Terhadap perundingan bipartit
yang gagal, salah satu atau keduanya dapat mencatatkan perselisihan
mereka kepada instansi pemerintah wilayah Kabupaten/Kota yang
bertanggung jawab dibidang ketenagakerjaan. Pencatatan itu dilakukan
untuk meminta keterlibatan instansi tersebut untuk menengahi
perselisihan mereka. Permintaan itu dilakukan dengan melampirkan bukti
bahwa para pihak telah melakukan penyelesaian melalui perundingan bipartit sebelumnya,
namun upaya itu gagal – atau dianggap gagal. Jika bukti itu tidak
dilampirkan, instansi ketenagakerjaan tidak dapat melakukan pencatatan –
mengembalikan lagi berkas pencatatan itu untuk dilengkapi. Dalam 7 hari
kerja para pihak harus sudah melengkapinya.
Setelah dilakukannya pencatatan, instansi ketenagakerjaan wajib menawarkan kepada para pihak untuk memilih penyelesaian melalui konsiliasi atau arbitrase. Penyelesaian melalui konsiliasi dilakukan untuk menyelesaikan perselisihan kepentingan, perselisihan PHK, atau perselisihan antar serikat pekerja, sedangkan penyelesaian melalui arbitrase dilakukan untuk menyelesaikan perselisihan kepentingan atau perselisihan antar serikat pekerja.

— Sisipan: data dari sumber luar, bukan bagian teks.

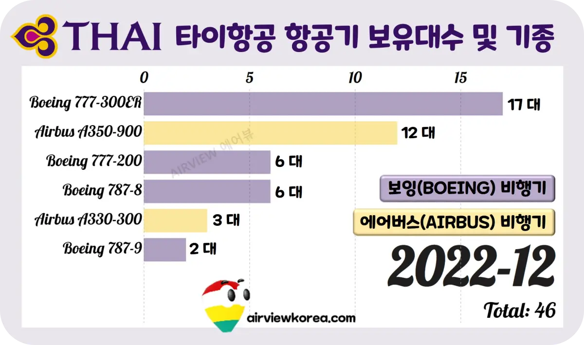 타이항공 항공기 순위✈️ 보유 대수는 몇대? 기종 분석

Para pihak harus memilih cara-cara penyelesaian itu dalam waktu 7 hari
kerja, dan jika dalam jangka waktu itu mereka tidak memilih maka
intstansi ketenagakerjaan melimpahkan penyelesaian perselisihan mereka
kepada mediator untuk dilakukan mediasi.
Para pihak yang menempuh penyelesaian secara arbitrase tidak dapat melanjutkan perselisihan mereka ke Pengadilan Hubungan Industrial karena keputusan Arbiter bersifat akhir dan tetap (final and binding). Beda halnya penyelesaian melalui mediasi dan konsiliasi, yang jika dengan cara tersebut perselisihan tidak dapat diselesaikan maka para pihak dapat menempuh gugatan melalui Pengadilan Hubungan Industrial.